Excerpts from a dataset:
+ + +
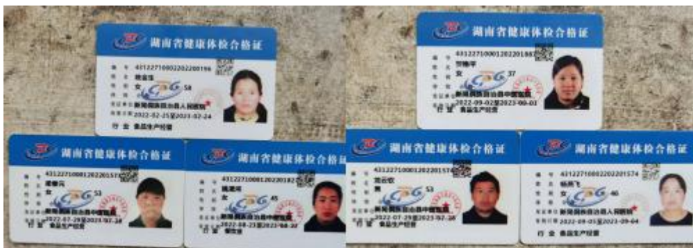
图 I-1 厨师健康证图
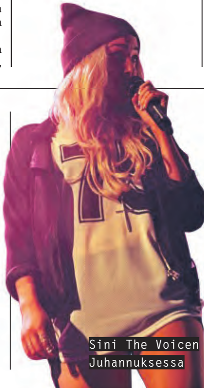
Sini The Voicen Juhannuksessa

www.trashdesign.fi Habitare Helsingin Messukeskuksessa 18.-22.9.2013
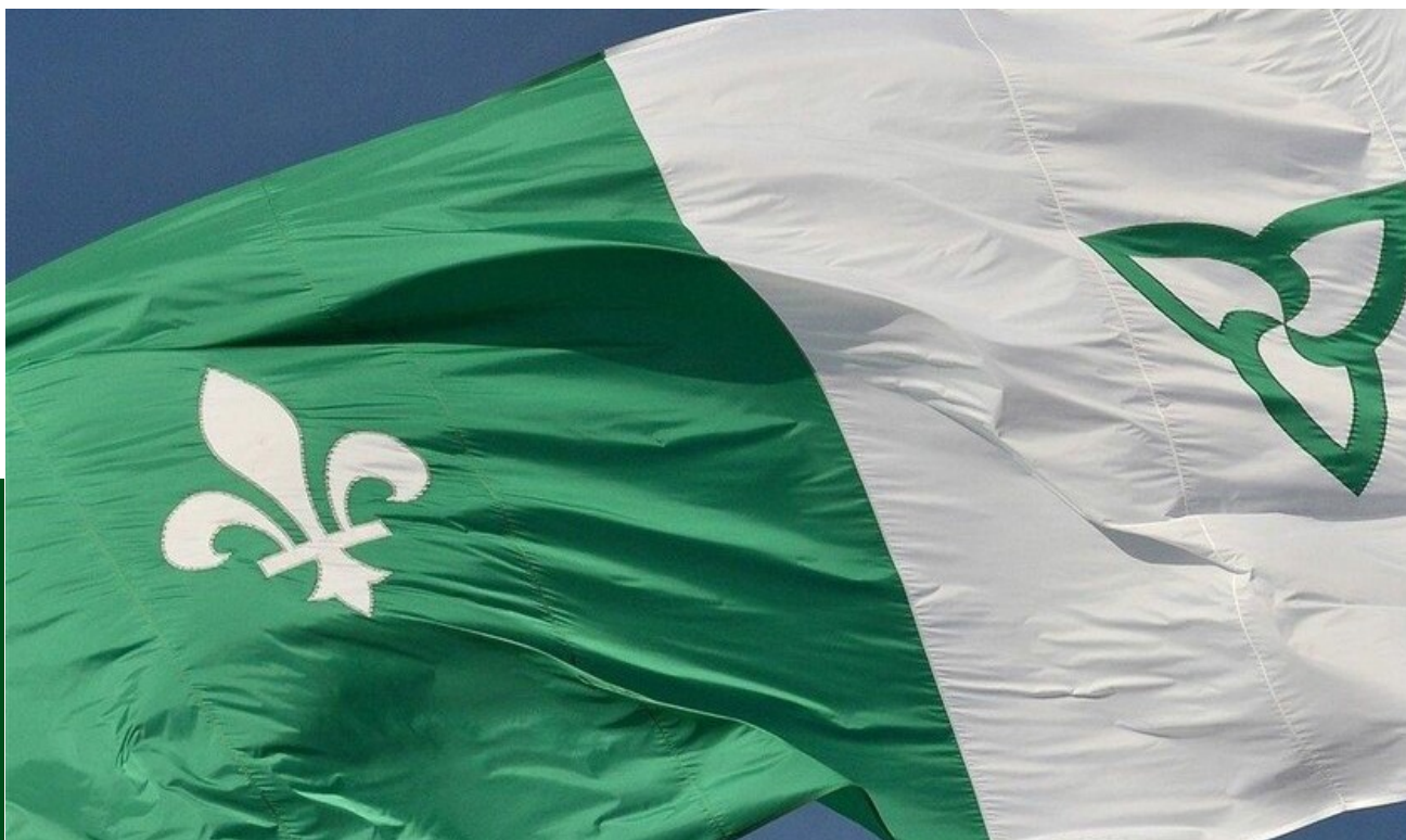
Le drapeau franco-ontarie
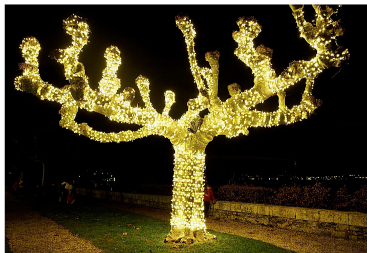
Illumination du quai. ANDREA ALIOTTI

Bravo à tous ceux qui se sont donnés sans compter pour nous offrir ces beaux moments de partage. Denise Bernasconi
+ + +
Make an exact copy of the records, pictures excluded.

图 I-1 厨师健康证图
Sini The Voicen Juhannuksessa

www.trashdesign.fi Habitare Helsingin Messukeskuksessa 18.-22.9.2013
Le drapeau franco-ontarie
Illumination du quai. ANDREA ALIOTTI

Bravo à tous ceux qui se sont donnés sans compter pour nous offrir ces beaux moments de partage. Denise Bernasconi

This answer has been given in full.